_DESCRIPTION OF THE TASK_
In the entries below, copy only the lines from the one that contains "There was no" through the last line, exactly, and omit any pictures.

_DATA TO PROCESS_

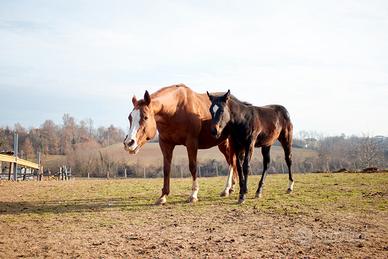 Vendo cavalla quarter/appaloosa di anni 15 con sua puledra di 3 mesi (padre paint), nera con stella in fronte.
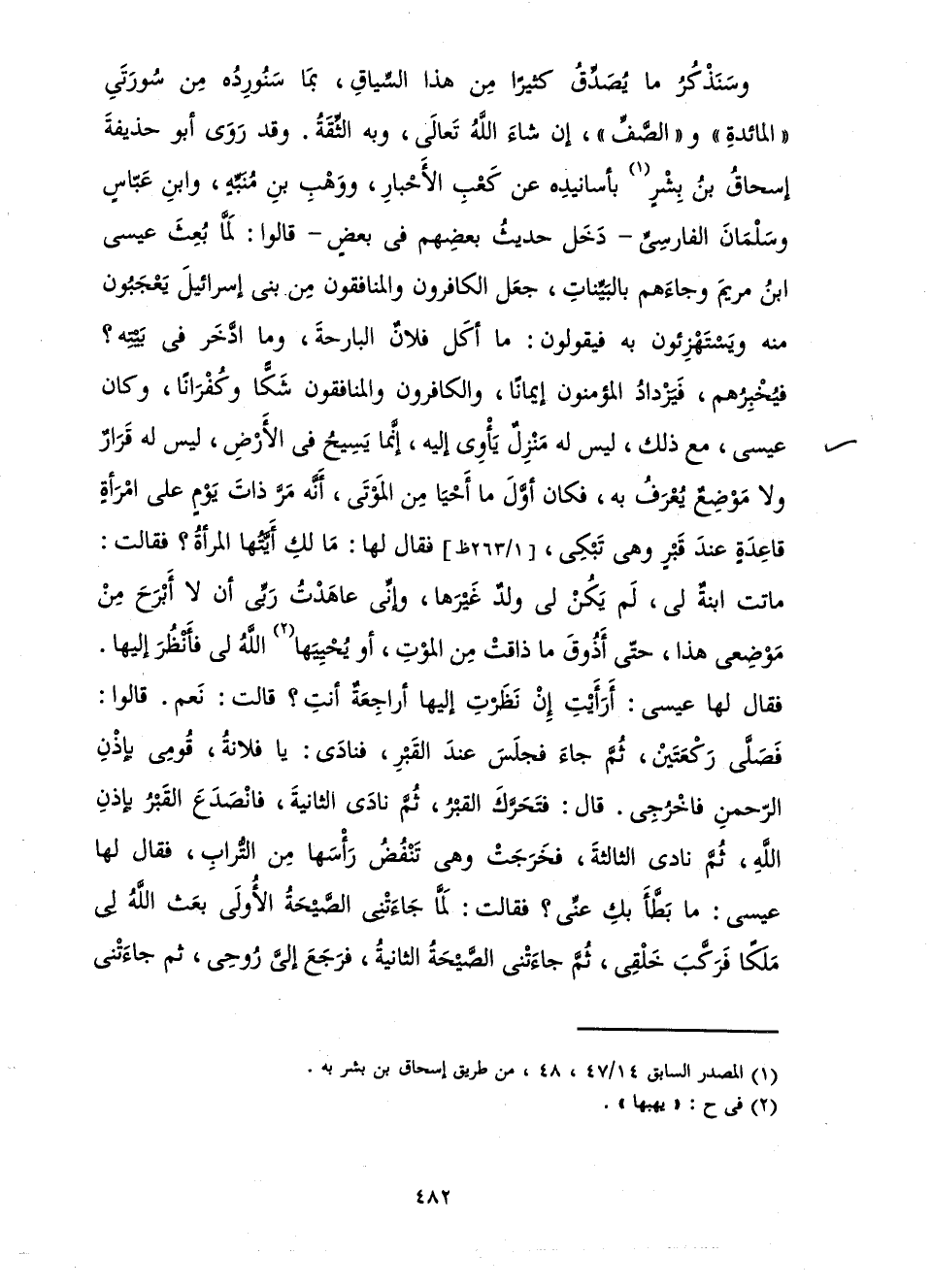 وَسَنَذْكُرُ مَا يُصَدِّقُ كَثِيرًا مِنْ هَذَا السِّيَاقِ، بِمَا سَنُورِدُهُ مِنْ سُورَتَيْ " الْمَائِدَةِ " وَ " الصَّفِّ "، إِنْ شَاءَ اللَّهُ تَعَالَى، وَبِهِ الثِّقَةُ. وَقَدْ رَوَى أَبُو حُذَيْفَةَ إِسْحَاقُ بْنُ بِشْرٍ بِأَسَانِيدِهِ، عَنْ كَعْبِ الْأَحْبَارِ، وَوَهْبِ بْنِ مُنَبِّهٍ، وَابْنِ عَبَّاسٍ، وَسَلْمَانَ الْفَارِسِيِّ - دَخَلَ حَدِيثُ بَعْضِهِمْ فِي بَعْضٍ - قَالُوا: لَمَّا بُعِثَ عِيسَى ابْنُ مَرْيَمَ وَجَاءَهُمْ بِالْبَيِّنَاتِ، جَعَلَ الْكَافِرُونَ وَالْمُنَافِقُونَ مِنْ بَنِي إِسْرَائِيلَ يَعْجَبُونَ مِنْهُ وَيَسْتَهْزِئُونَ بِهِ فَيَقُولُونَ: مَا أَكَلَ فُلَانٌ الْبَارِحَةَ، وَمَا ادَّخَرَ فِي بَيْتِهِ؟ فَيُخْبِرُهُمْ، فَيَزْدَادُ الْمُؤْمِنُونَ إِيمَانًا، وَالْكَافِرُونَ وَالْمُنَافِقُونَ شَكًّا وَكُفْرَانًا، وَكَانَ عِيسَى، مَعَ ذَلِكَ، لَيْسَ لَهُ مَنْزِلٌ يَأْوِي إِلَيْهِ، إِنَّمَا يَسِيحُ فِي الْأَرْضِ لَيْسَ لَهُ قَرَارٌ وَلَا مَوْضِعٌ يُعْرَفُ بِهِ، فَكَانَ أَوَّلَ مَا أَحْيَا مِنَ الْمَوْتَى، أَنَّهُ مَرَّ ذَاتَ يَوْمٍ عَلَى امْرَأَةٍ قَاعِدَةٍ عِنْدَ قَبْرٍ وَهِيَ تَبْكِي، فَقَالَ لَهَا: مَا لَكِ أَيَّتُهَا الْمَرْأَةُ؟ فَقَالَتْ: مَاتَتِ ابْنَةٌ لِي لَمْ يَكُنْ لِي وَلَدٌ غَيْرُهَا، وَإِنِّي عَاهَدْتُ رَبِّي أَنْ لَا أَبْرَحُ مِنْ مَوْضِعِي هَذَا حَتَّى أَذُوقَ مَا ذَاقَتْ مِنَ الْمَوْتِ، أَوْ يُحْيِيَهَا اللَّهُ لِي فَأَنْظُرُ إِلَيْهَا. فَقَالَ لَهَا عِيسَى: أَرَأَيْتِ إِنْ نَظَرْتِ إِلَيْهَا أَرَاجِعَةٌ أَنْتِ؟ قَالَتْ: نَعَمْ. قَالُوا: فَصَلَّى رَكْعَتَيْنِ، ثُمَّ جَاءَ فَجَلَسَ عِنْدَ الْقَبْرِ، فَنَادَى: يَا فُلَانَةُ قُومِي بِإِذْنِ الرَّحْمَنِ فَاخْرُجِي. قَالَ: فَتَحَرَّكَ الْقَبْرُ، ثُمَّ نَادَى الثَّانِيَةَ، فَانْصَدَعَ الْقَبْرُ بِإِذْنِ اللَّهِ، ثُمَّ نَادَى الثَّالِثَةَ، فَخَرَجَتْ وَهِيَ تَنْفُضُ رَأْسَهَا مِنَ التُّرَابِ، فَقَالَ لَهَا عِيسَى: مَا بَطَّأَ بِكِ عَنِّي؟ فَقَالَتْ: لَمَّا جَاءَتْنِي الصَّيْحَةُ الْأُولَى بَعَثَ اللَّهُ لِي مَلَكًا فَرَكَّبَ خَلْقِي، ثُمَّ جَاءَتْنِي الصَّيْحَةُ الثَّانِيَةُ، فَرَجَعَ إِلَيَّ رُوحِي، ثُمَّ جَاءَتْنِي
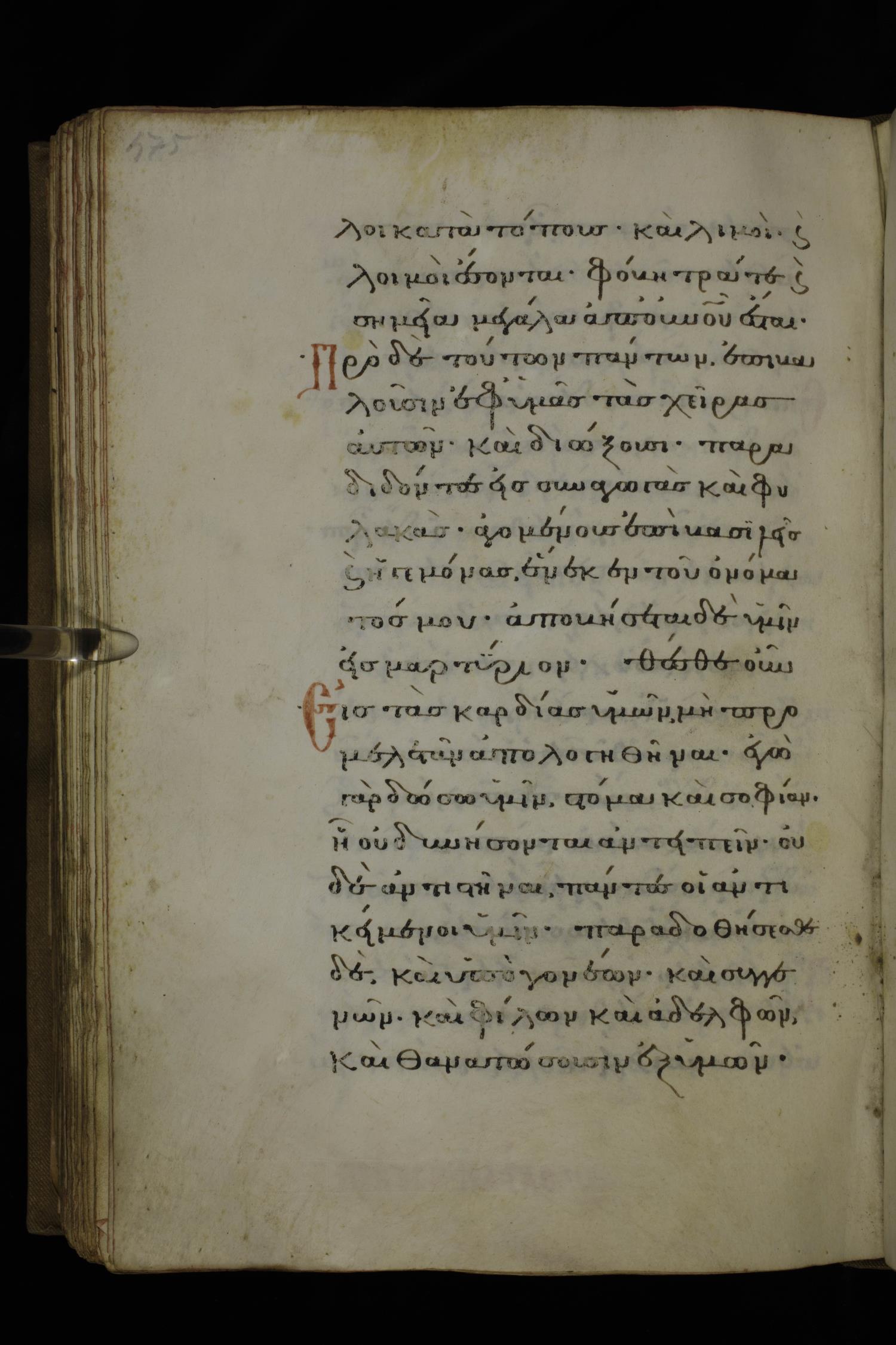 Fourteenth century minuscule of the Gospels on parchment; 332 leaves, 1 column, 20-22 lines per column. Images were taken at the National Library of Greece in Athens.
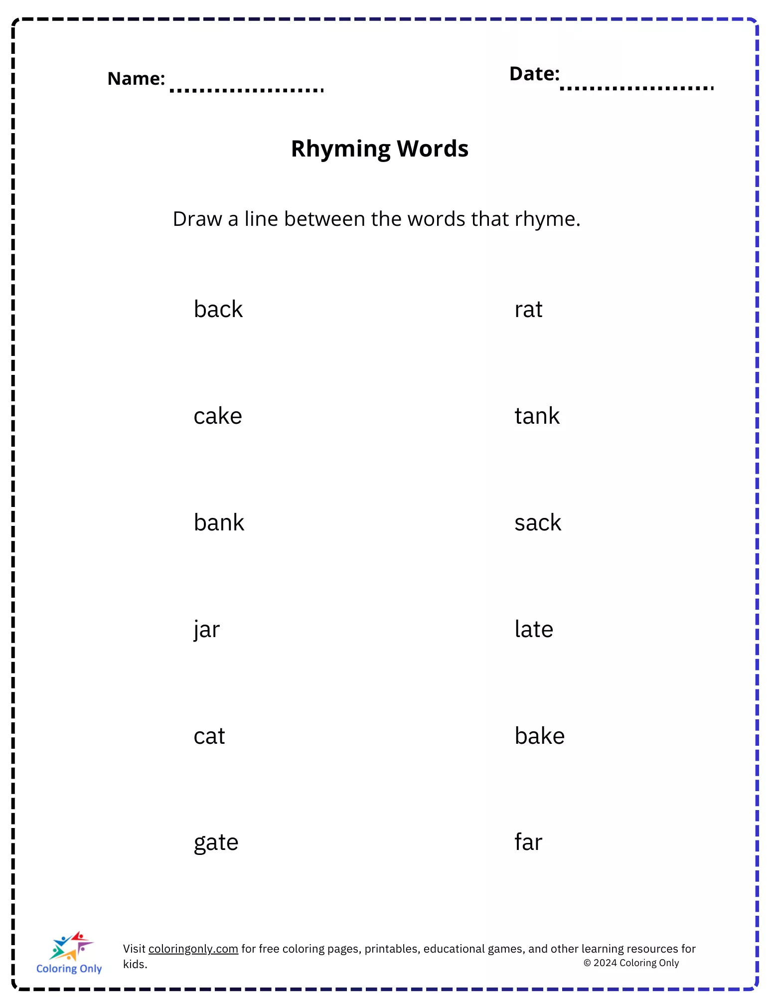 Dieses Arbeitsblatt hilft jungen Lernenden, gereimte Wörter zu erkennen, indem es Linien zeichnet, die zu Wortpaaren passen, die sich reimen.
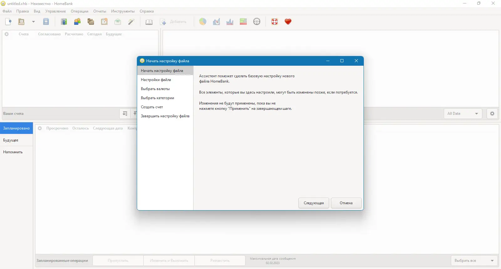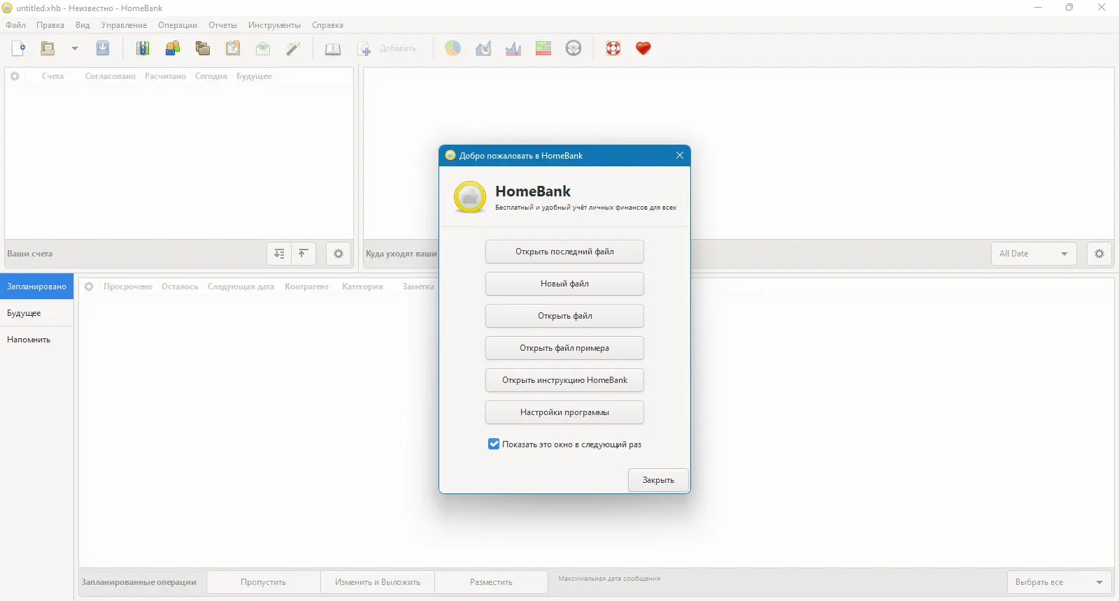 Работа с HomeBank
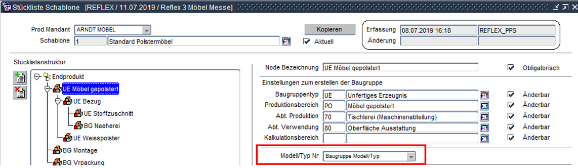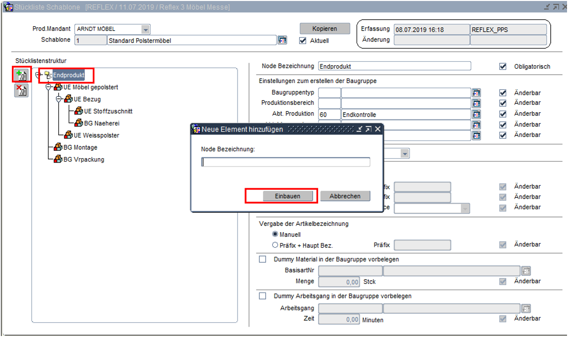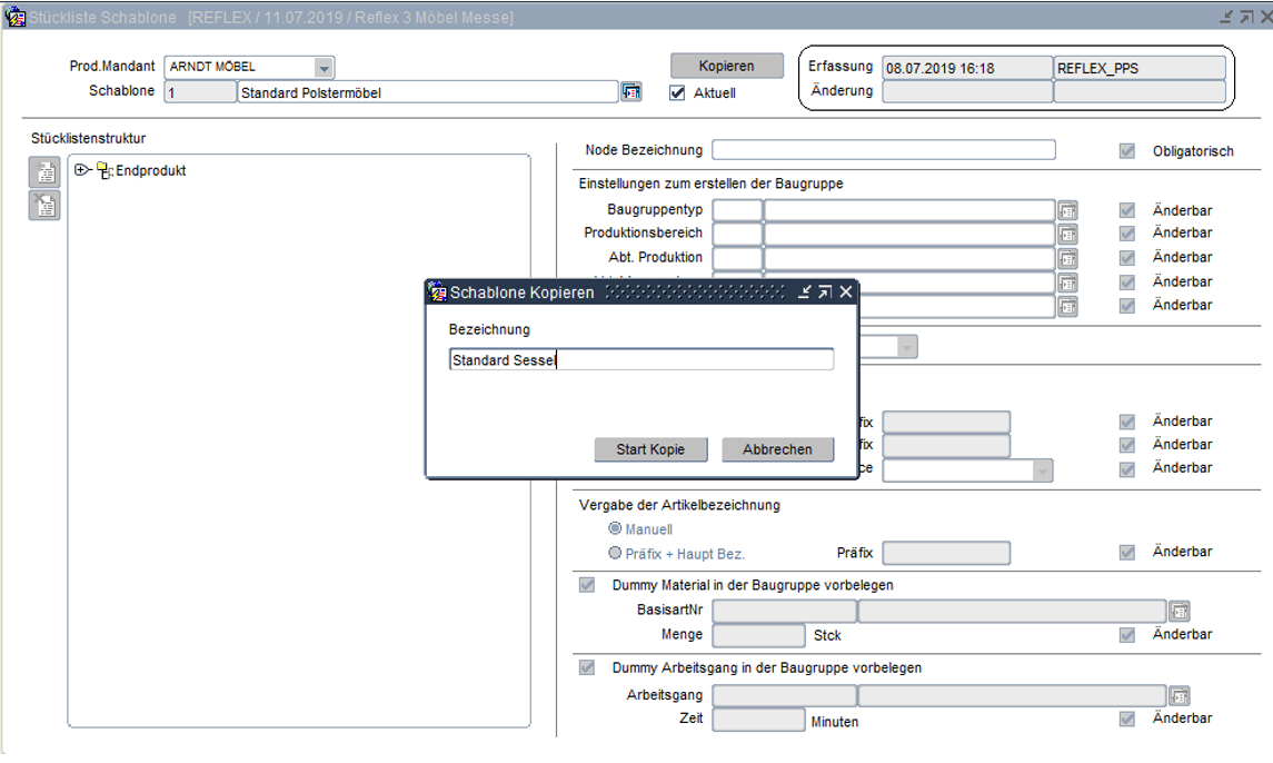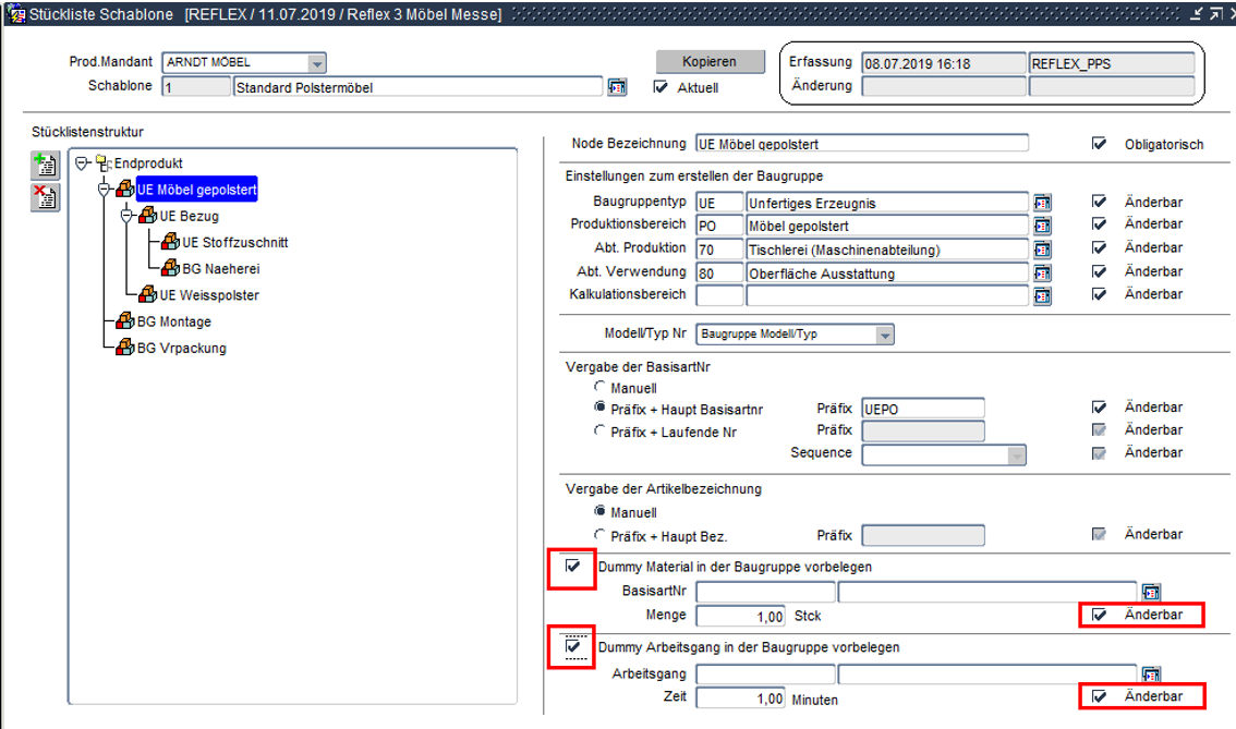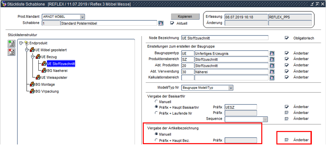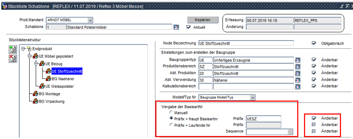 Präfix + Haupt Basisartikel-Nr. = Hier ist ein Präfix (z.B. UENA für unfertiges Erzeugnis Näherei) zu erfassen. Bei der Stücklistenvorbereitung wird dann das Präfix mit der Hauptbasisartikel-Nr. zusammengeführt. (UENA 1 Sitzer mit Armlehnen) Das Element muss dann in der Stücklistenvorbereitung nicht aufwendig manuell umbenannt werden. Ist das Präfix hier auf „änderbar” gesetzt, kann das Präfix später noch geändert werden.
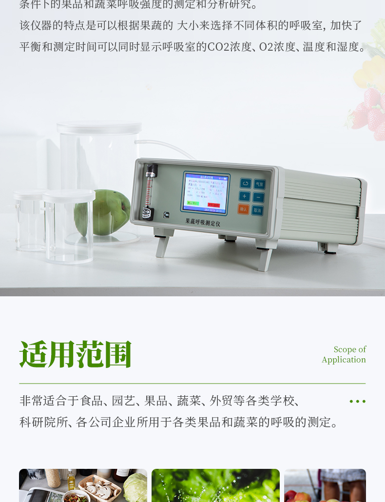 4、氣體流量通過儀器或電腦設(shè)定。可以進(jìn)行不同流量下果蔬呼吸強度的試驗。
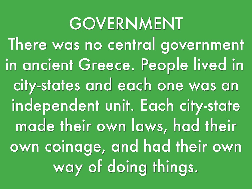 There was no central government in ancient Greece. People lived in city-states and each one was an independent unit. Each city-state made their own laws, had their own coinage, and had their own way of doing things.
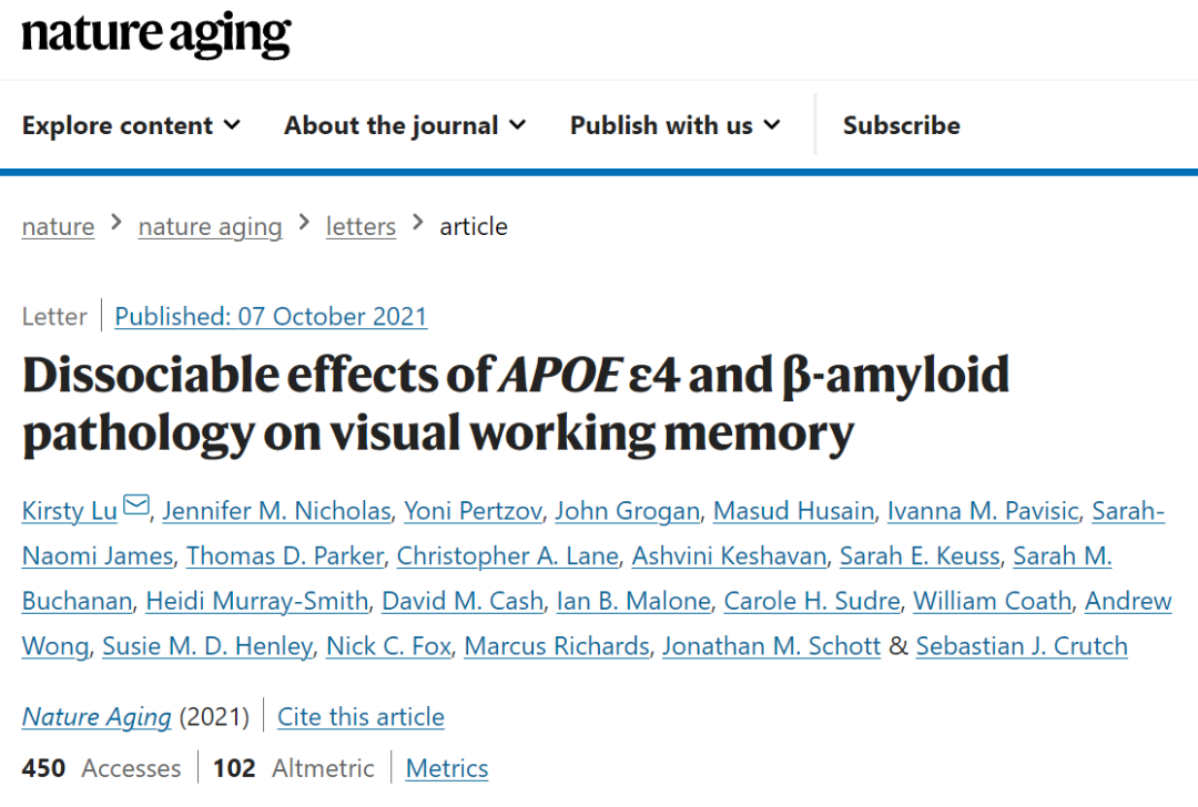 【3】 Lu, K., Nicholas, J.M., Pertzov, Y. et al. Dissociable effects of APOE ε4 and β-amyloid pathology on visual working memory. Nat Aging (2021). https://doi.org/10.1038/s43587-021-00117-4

_REPLY_
 There was no central government in ancient Greece. People lived in city-states and each one was an independent unit. Each city-state made their own laws, had their own coinage, and had their own way of doing things.
 【3】 Lu, K., Nicholas, J.M., Pertzov, Y. et al. Dissociable effects of APOE ε4 and β-amyloid pathology on visual working memory. Nat Aging (2021). https://doi.org/10.1038/s43587-021-00117-4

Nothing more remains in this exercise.